2. Retire Previous RunLog browser:

  1. Grep source files and replace all "onldb.starp : 3501/3503" with "dbbak.starp:340X", where X is the id of the backed online database.
  2. TrgFiles.php and ScaFiles.php contain reference "/RunLog/", which should be changed to "/RunLogRunX/", where X is the run ID
  3. TBC

3. Update /admin/navigator.php immediately after /RunLog/ rotation! New run range is required.

HOW-TO: enable Online to Offline migration

Migration macros reside on stardb@onllinux6.starp.bnl.gov .

$> cd dbcron/macros-new/
(you should see no StRoot/StDbLib here, please don't check it out from CVS either - we will use precompiled libs)

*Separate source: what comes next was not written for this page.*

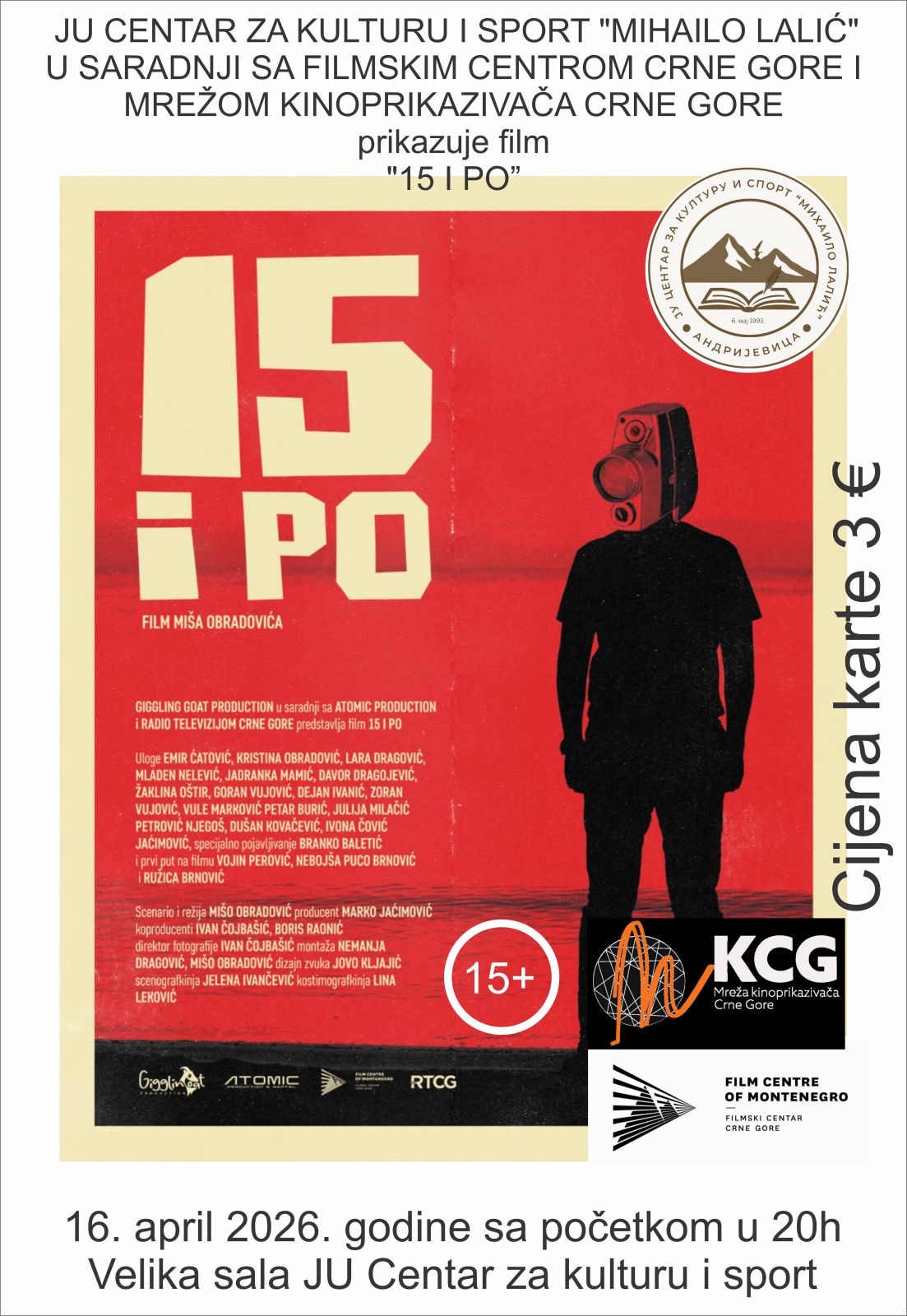 Public Institution Center for Culture and Sports “Mihailo Lalić”, in cooperation with the Film Center of Montenegro and the Cinema Network of Montenegro, will screen the film “15 and a Half” (15+) on April 16, 2026, starting at 20:00 PM. The film will be shown in the large hall of the Center for Culture and Sports. Ticket price: $3.00.

First, one should check that Load Balancer config env. variable is NOT set :

$> printenv|grep DB

DB_SERVER_LOCAL_CONFIG=

(if it says =/afs/... .xml, then it should be reset to "" in .cshrc and .login scripts)

Second, let's check that we use stable libraries (newest) :

$> printenv | grep STAR
...
STAR_LEVEL=SL08e
STAR_VERSION=SL08e
...
(SL08e is valid for 2009, NOTE: no DEV here, we don't want to be affected by changed or broken DEV libraries)

OK, initial settings look good, let's try to load Fill_Magnet.C macro (easiest to see if its working or not) :

$> root4star -b -q Fill_Magnet.C

You should see some harsh words from Load Balancer, that's exactly what we need - LB should be disabled for our macros to work. Also, there should not be any segmentation violations. Initial macro run will take some time to process all runs known to date (see RunLog browser for run numbers).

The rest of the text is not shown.